● Given data:
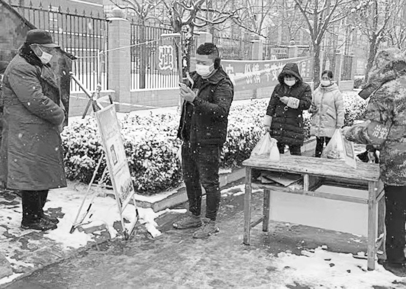 12月25日,在长武县亭口镇,漫天飞舞的雪花装点了屋顶、铺满了大地。亭口镇党员干部在风雪中前行,成了抗疫线上的“排查员”。
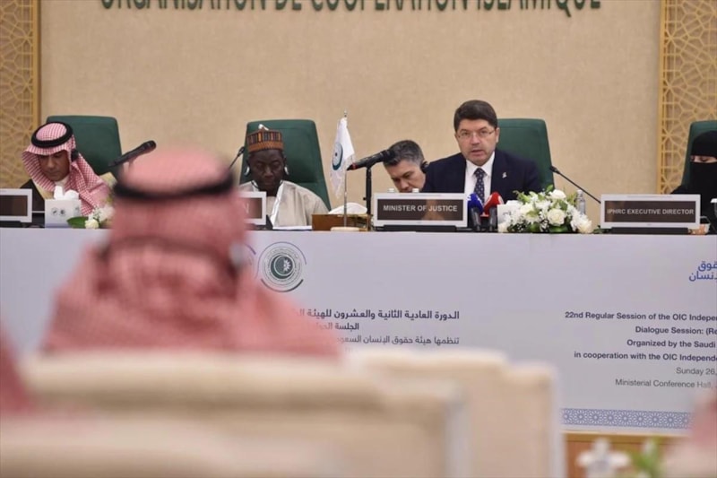 Adalet Bakanı Yılmaz Tunç, Suudi Arabistan'ın Cidde kentinde gerçekleştirilen, 57 ülkenin temsilcisinin katıldığı İslam İşbirliği Teşkilatı Bağımsız Daimi İnsan Hakları Komisyonu 22. Olağan Oturumu'nda konuştu.
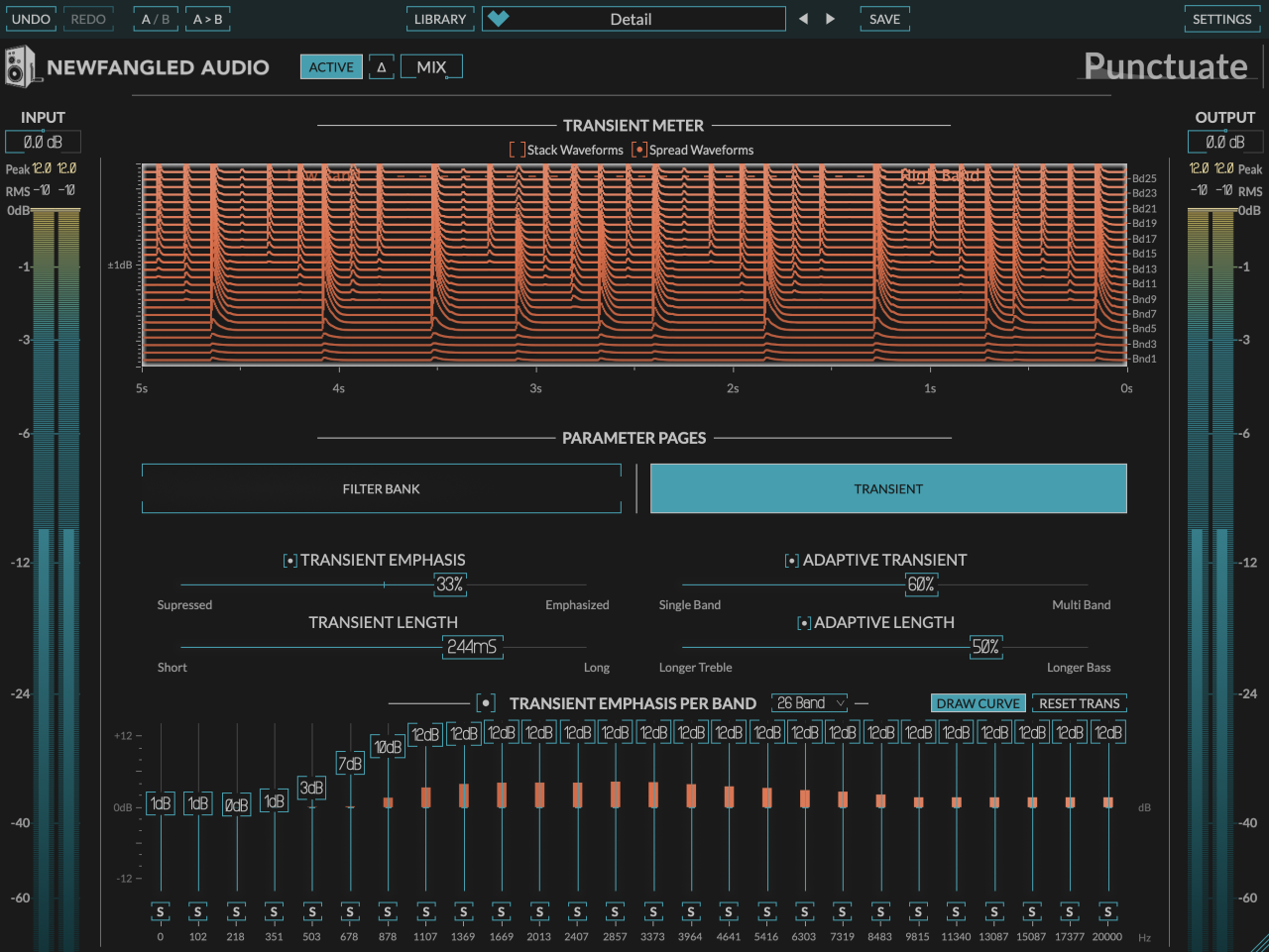 Punctuate uses these filters to break the incoming audio signal into the 26 critical bands, and runs a transient shaper on each band for unprecedented control over the transients of the audio signal. By doing this, Punctuate allows you to add punch in only the places where the signal needs, instead of just slamming the level of the entire signal up and down at the transient point. Because you have independent control over the bands, you can even emphasize transients in some bands while suppressing them in others. And because it’s based on Critical Bands, it does this in such a way that sounds natural to the human ear, so you don’t hear any artifacts. Finally, Punctuate allows you to smooth the transient modulation across bands using the ADAPTIVE TRANSIENT control. This allows you to run the bands independently for ultimate control, or couple them for a smoother sound.

● Goal of the exercise: Please retype the lines from the one that contains "Adalet Bakanı Yılmaz" through the final line of the data, both included, without any pictures.

● Result below:
 Adalet Bakanı Yılmaz Tunç, Suudi Arabistan'ın Cidde kentinde gerçekleştirilen, 57 ülkenin temsilcisinin katıldığı İslam İşbirliği Teşkilatı Bağımsız Daimi İnsan Hakları Komisyonu 22. Olağan Oturumu'nda konuştu.
 Punctuate uses these filters to break the incoming audio signal into the 26 critical bands, and runs a transient shaper on each band for unprecedented control over the transients of the audio signal. By doing this, Punctuate allows you to add punch in only the places where the signal needs, instead of just slamming the level of the entire signal up and down at the transient point. Because you have independent control over the bands, you can even emphasize transients in some bands while suppressing them in others. And because it’s based on Critical Bands, it does this in such a way that sounds natural to the human ear, so you don’t hear any artifacts. Finally, Punctuate allows you to smooth the transient modulation across bands using the ADAPTIVE TRANSIENT control. This allows you to run the bands independently for ultimate control, or couple them for a smoother sound.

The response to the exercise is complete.